In a book I co-authored with John O'Leary, If We Can Put a Man on the Moon: Getting Big Things Done in Government, we examined the launch of more than 75 major government initiatives since World War II. We found that the biggest danger during the launch phase was succumbing to what we called "the Overconfidence Trap," in which political leaders and public-sector managers underestimate the risks that accompany a new initiative.
Want more management news and commentary? Click here.
Being overconfident, public leaders sometimes don't take the sort of prudent steps they should to maximize the changes of successful execution. But if you accept the possibility of failure, you can take steps to reduce its likelihood. Here are ways to avoid the Overconfidence Trap and minimize the risks of a catastrophic program launch:
Establish clear ownership. Who is the high-level political sponsor? Who is the day-to-day manager? Someone with strong execution abilities and the trust of the political leadership needs to own the project throughout the implementation phase. And take a cue from many successful initiatives by setting up a war room to manage the implementation. This helps to avoid the box-checking tendency of many project-management organizations.
Be realistic not only about costs but also about resources and time. Fight the political pressure to produce unrealistically rosy projections and timelines. Savvy politicians set expectations low. And assign a dedicated ream to the project. It is unrealistic to ask people with major current responsibilities to execute a major initiative while still keeping up with their current jobs. The project won't get done right, and it might not get done at all.
Get the design right. This might seem obvious, but many implementation failures are actually the products of faulty design. In 1998, the California legislature unanimously voted to restructure the state's electricity system. Within two years, blackouts were rolling across the state and bamboozling California consumers to the tune of $40 billion. Why? The bill was crafted to pass through the legislative wringer, but the system it created wasn't designed to work in the real world. The solution is to treat legislation as a design process rather than a bill-drafting exercise.
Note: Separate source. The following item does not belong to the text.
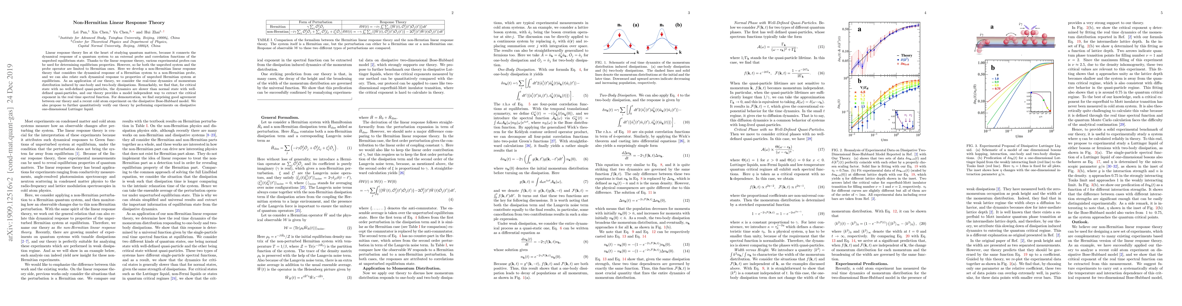 This paper develops a non-Hermitian linear response theory to describe the dynamical response of Hermitian systems to non-Hermitian probes, revealing universal functions governing momentum distribution dynamics and proposing a model-independent method to extract critical exponents. The theory is validated against experimental data on the Bose-Hubbard model and suggests further experimental verification on Luttinger liquids.

That means allowing those who will be implementing the project to scrutinize the design, scoping out issues that will cause them problems down the road.
Map out the risks and plan for every scenario. Plotting the significance and likelihood of risks allows you to visualize them in relation to each other, gauge their extent and plan what controls should be implemented to mitigate them. And expect the unexpected. What if you get five times the number of expected visitors to your new website? What if your welfare-to-work contractor is accused of fraudulent billing weeks before launch? Play out all the potential scenarios and make sure you have strategies for addressing them.
Segment your customers. Break up the universe of potential customers into manageable segments with similar characteristics. Segmentation involves data-driven analysis of the customer universe based on surveys, focus groups and test marketing that cover as many aspects of program delivery as possible.
And "chunk" the project. Government projects are often much larger and more complex than those in the private sector. Breaking initiatives into bite-sized pieces that can deliver incremental, stand-alone value reduces risk for the larger project. It also encourages organizational learning because chunks that go online later in the process can learn from the experiences of earlier chunks.
If there is a way to summarize these steps that public managers should take to stay out of the Overconfidence Trap, it is contained in this mantra: Be humble, or prepare to be humbled.